Pyongyang, poor but proud, surrounded by regional powerhouses, calls the war games a carefully rehearsed preparation for a northward invasion by two countries that want to topple its leadership. The North is also believed to resent having to respond to the drills with costly exercises of its own, taking its troops away from much-needed work on farms and infrastructure projects.

North Korea must also show strength confronting a new, much harder-line stance in Seoul.

Conservative South Korean President Park Geun-hye has responded to the nuclear test and rocket launch by shutting down the last major point of inter-Korean cooperation, a jointly run factory park in the North. She has also talked openly about the uber-sensitive subject of “regime collapse” in Pyongyang and ordered unilateral sanctions against the North.

North Korea is also trying to give its people a good show.

Ahead of a once-in-a-generation party congress in May, Kim needs to give the impression that he is leading a strong, defiant country that will never bow to outside pressure.

How Does This Compare to Past Crises?

So far, it’s not even close to rivaling the kinds of face-offs the Koreas have become infamous for.

South Koreans, never likely to panic over even the harshest North Korean threats, are paying much more attention to the fate of South Korean baseball players in the U.S. major leagues, for instance.

This has not always been the case.

In 1968, dozens of North Korean commandos were killed within a few kilometers of the presidential mansion in Seoul during a mission to assassinate the South Korean dictator, father of the current president. In 1976, North Koreans ax-murdered two American officers in the Demilitarized Zone between the countries, prompting a furious Washington to send nuclear-capable B-52 bombers flying toward the North before veering away. In 1994 and again in the early 2000s, nuclear crises seemed at times in danger of prompting armed conflict. Just five years ago, 50 South Koreans were killed in two separate attacks blamed on the North.

If anything, this round may resemble the early stages of a confrontation that happened just two years ago.

Young Kim Jong Un, furious about U.N. sanctions over another nuclear test-rocket launch combination, embarked on a weeks-long torrent of belligerent rhetoric. The North threatened to attack specific targets in South Korea, U.S. bases in the Pacific, even the mainland United States; declared the armistice ending the 1950-53 Korean War null and void; said it was restarting its nuclear fuel reactor; and closed down the jointly run industrial park.
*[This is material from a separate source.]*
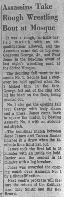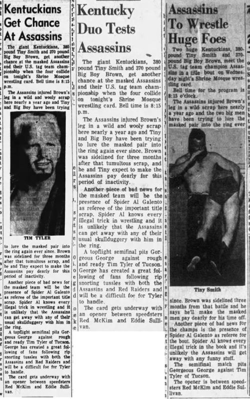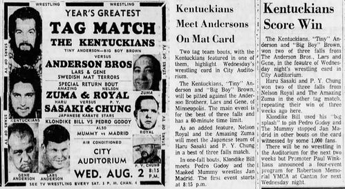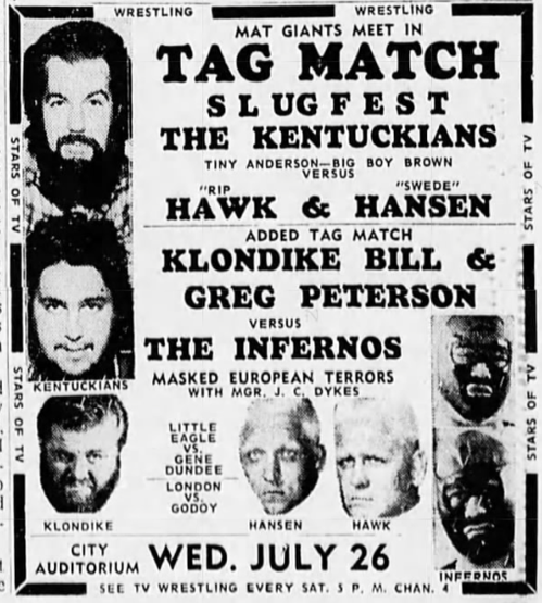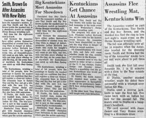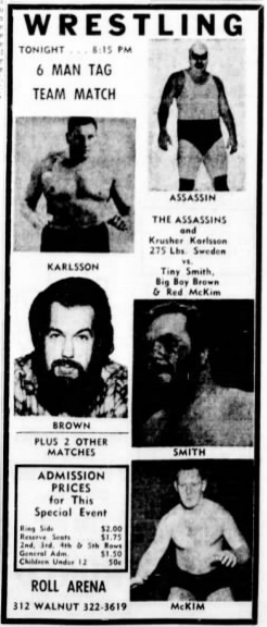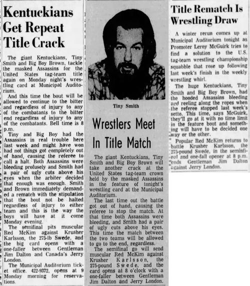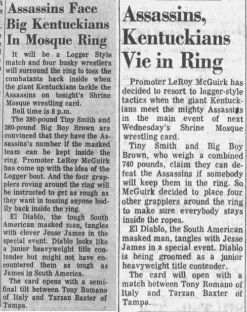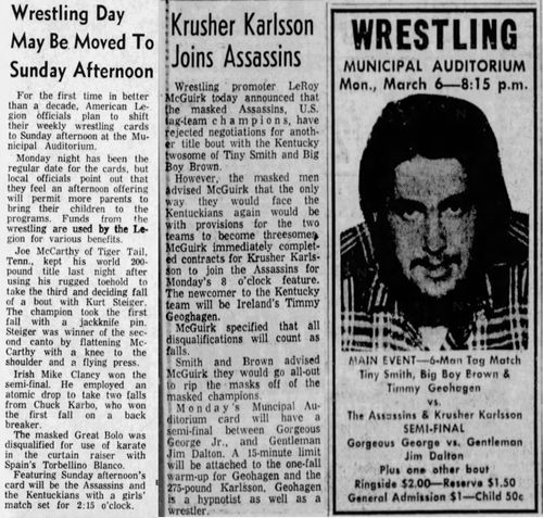 The Kentuckians: Tiny Anderson – Luke “Big Boy” Brown – Red McKim vs. The Assassins – Krusher Karlsson

The United States responded by staging flyovers over South Korea of nuclear-capable bombers.

Then the war drills ended in the South, the fiery rhetoric from the North eased and then died, the factory park reopened, talk of reconciliation began again – and the animosity began to dip.

What Next?

The realms of media and academia are littered with failed predictions about North Korea’s future.
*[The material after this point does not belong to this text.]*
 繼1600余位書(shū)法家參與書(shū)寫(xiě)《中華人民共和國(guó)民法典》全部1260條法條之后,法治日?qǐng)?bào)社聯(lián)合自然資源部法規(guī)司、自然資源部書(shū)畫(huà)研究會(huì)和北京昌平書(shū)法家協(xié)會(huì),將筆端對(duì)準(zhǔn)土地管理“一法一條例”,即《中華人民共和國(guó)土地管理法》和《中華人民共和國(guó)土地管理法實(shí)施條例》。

The country’s demise, for instance, has been predicted regularly since the end of fighting in the Korean War, in 1953. North Korea couldn’t, it was said, survive the death of the country’s founder, Kim Il Sung, in 1994, and then the death of his son, Kim Jong Il, and rise of the current young, relatively unexperienced Kim, in 2011.

That said, some analysts think Pyongyang could keep up its stream of threatening rhetoric, stage occasional missile firings to show its anger, even do another nuclear test or rocket launch, at least until the U.S.-South Korean war games stop at the end of April and the North Korean party congress is staged in May.
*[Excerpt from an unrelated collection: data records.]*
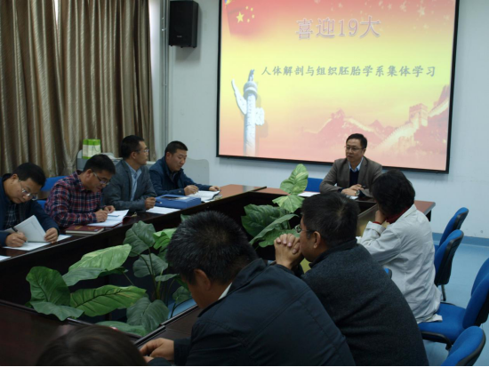 为迎接党的十九大胜利召开,2017年10月13日下午,人体解剖与组织胚胎学党支部开展了“喜迎19大”为主题的集体学习,韩怀钦副院长参加集体学习并为广大党员干部作了“树立信心,鼓足干劲,做合格党员的党课”。会议由支部书记黑常春同志主持,全系在岗教师及研究生代表30余人参加了学习。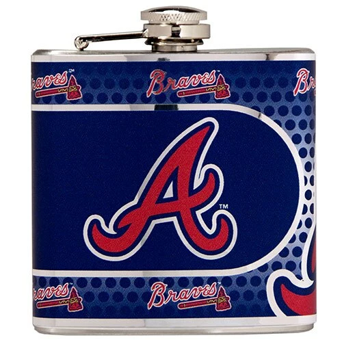 This officially licensed MLB Atlanta Braves 6oz Stainless Steel flask is manufactured by great American products, and is decorated in high definition metallic team graphics. Hand wash. Dimensions: 4”H x 4.5”W x 1.25”D.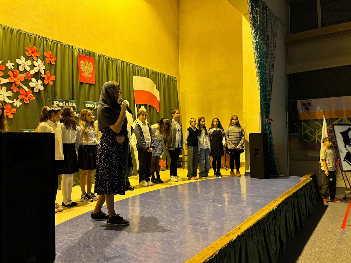 Przestrzeń wypełniona pieśniami niepodległościowymi, recytacjami i narodową symboliką zamieniła się w scenę hołdu dla Polski i tych, którzy walczyli o jej wolność. Wieczornica stała się nie tylko uroczystością, lecz także żywą lekcją patriotyzmu.

In the past, North Korea has followed periods of conflict by offering talks meant to win aid.

Seoul and Washington have seen all this before, and know in theory how to respond.

The danger comes from the things they can’t control. From a change in the above script. From a miscalculation. From an act of genuine fury by the human beings squared off against each other across the land border or the disputed boundary separating them in the Yellow Sea. Or from an accident.

All of these possibilities make even a “routine” crisis on the Korean Peninsula something to keep an eye on.